• _DATASET EXCERPTS_

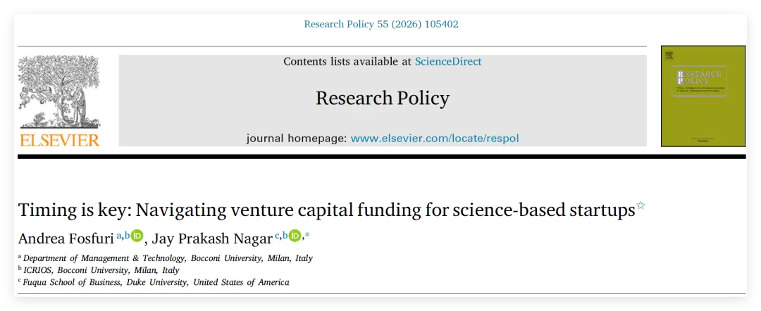 (原文信息:Fosfuri, A., & Nagar, J. P. (2026). Timing is key: Navigating venture capital funding for science-based startups. Research Policy, 55, 105402)
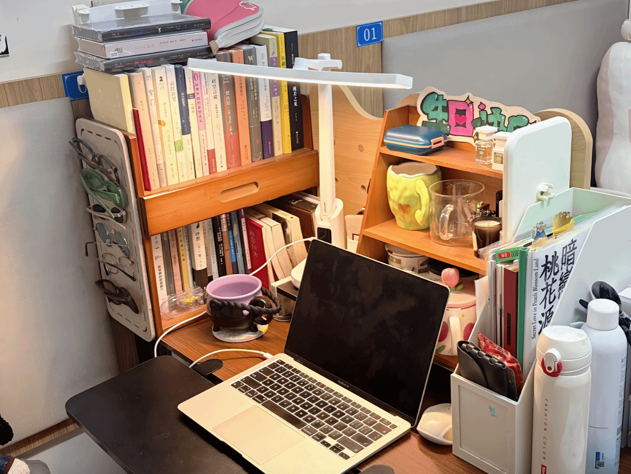 在研究生宿舍悦宾楼6109,一面独特的 “青春审美收纳墙” 吸引了所有人的目光。它不仅是物品的归置处,更是宿舍的“情绪看板”与“成长展台”。分层清晰的书架上,专业书籍与学术资料码放整齐,彰显着严谨的治学态度;而穿插其间的趣味小摆件、风格各异的水杯,则悄悄诉说着生活的点滴甜意。这里,专业成长的专注底色与日常生活的情感温度和谐共生,每一件物品都“各归其位”,共同将热爱整理成一种可视的温暖与秩序之美。
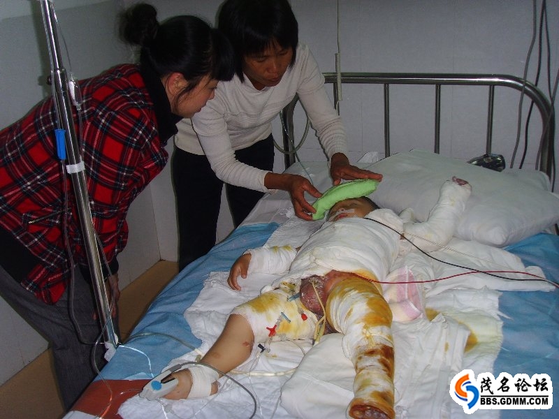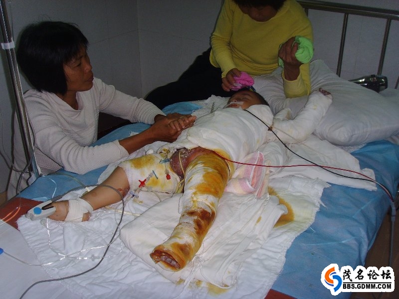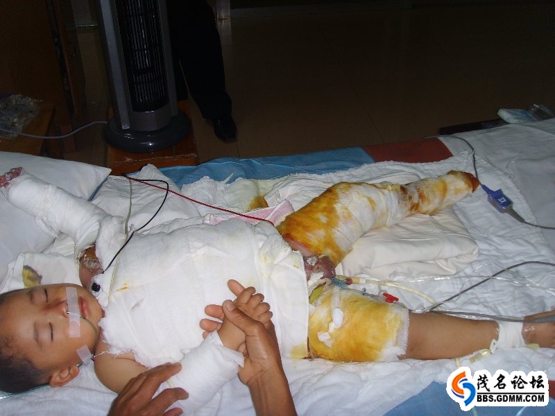 (转贴)23日下午,茂名市人民医院收治了一位这样的患儿:男,3岁左右,头部以下几乎全被烫伤,占全身皮肤面积超过60%,入医时昏迷。医院的医务人员及病友,无不伤心动容(在此对人民医院表示敬意,可能在别的医院已被拒收)。
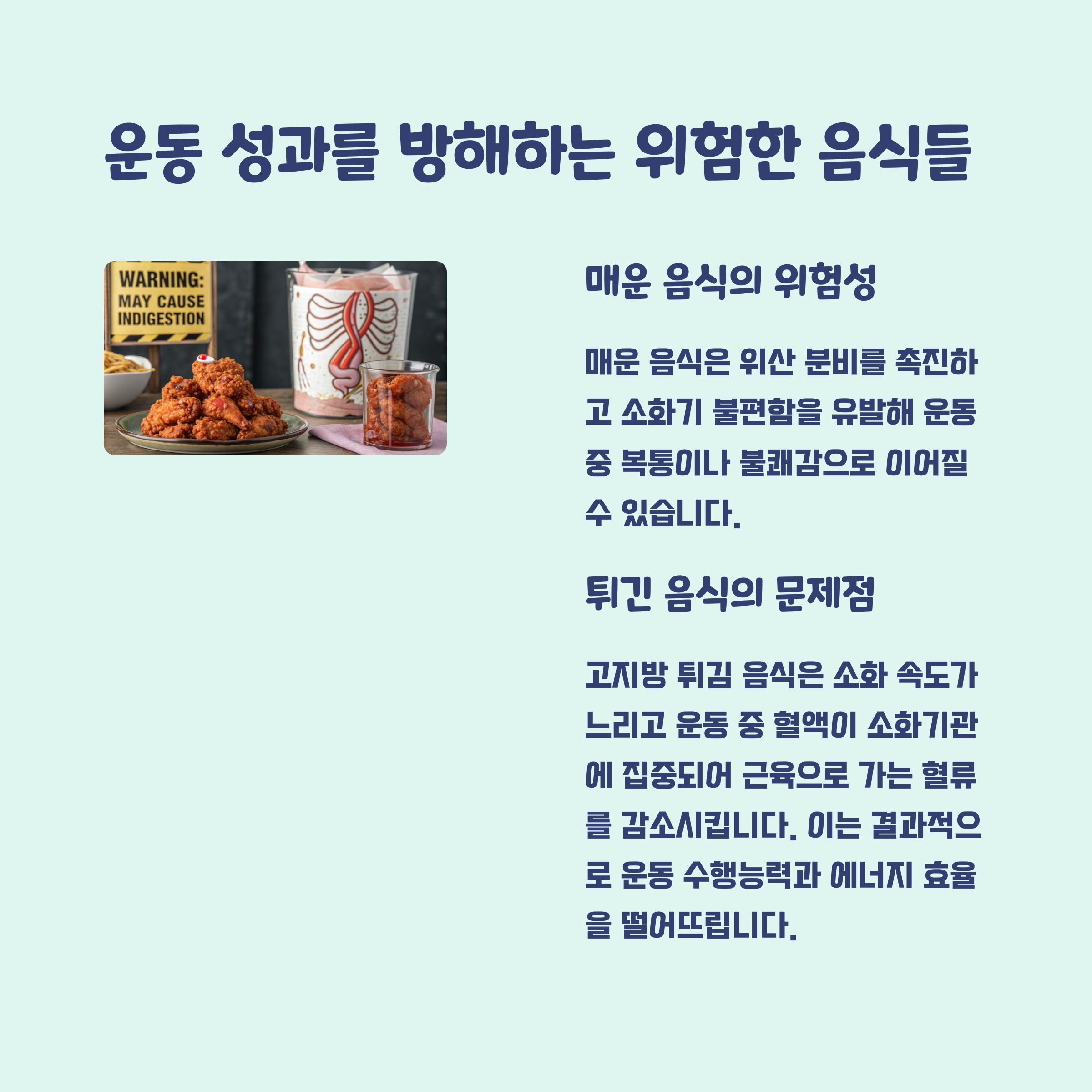 튀긴 음식은 소화에 부담을 주고 위산 역류를 유발할 위험이 있습니다. 지방 함량이 높아 혈액순환에도 악영향을 미칠 수 있으니 운동 전에는 삼가는 것이 좋습니다.
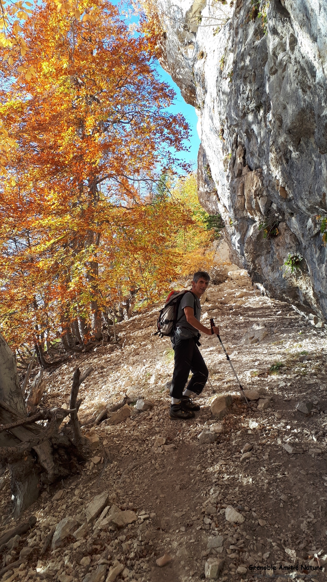 Nous avons finalement choisi l’option via la Grotte des Pouliches, car cette boucle peut se réaliser sans cordes et sans baudrier. Depuis la sortie du topo l’itinéraire a été balisé avec de discrètes marques rouges ; il fut finalement moins compliqué à trouver que nous le pensions. Départ du bois de la Pissarde à St Imbert (près du plateau St Ange), après avoir emprunté plusieurs pistes forestières, nous suivons une sente assez évidente direction Sud que nous quittons vers 1320 m pour poursuivre une vague sente raide sur une croupe boisée, déjà recouverte de feuilles d’automne. Vers 1470 m nous atteignons le pied de la falaise et la grotte des Pouliches, un site remarquable pour sa grande voûte .
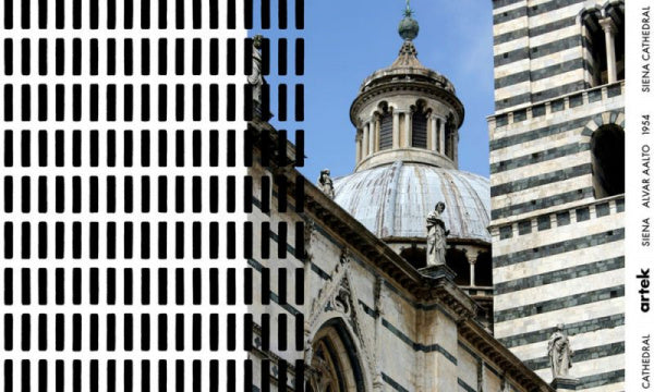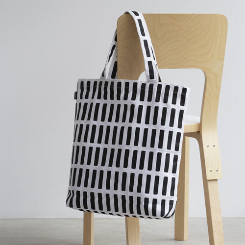 「SIENA」はアルヴァ・アアルトが1954年に自分の建築の室内のためにデザインしたテキスタイル。規則的な模様は、イタリア・トスカーナに在るシエナ大聖堂の大理石の縞模様を連想させます。ヘルシンキにあるアアルト自邸では、書斎入り口のカーテンやリビングに置いたピアノのカバーとして「SIENA」が使われています。こちらはキャンバスを使った丈夫なバッグです。【2010年デザイン】
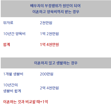 이혼하지 않고 위자료 청구만 하는 경우 금전적으로 이득이 될 수도 있습니다.

• _WHAT YOU NEED TO DO_
Retype exactly. Include each line from the start of the material through the line holding "튀긴 음식은 소화에 부담을", and leave the pictures out.

• _ANSWER FOR THE TASK_
 (原文信息:Fosfuri, A., & Nagar, J. P. (2026). Timing is key: Navigating venture capital funding for science-based startups. Research Policy, 55, 105402)
 在研究生宿舍悦宾楼6109,一面独特的 “青春审美收纳墙” 吸引了所有人的目光。它不仅是物品的归置处,更是宿舍的“情绪看板”与“成长展台”。分层清晰的书架上,专业书籍与学术资料码放整齐,彰显着严谨的治学态度;而穿插其间的趣味小摆件、风格各异的水杯,则悄悄诉说着生活的点滴甜意。这里,专业成长的专注底色与日常生活的情感温度和谐共生,每一件物品都“各归其位”,共同将热爱整理成一种可视的温暖与秩序之美。
 (转贴)23日下午,茂名市人民医院收治了一位这样的患儿:男,3岁左右,头部以下几乎全被烫伤,占全身皮肤面积超过60%,入医时昏迷。医院的医务人员及病友,无不伤心动容(在此对人民医院表示敬意,可能在别的医院已被拒收)。
 튀긴 음식은 소화에 부담을 주고 위산 역류를 유발할 위험이 있습니다. 지방 함량이 높아 혈액순환에도 악영향을 미칠 수 있으니 운동 전에는 삼가는 것이 좋습니다.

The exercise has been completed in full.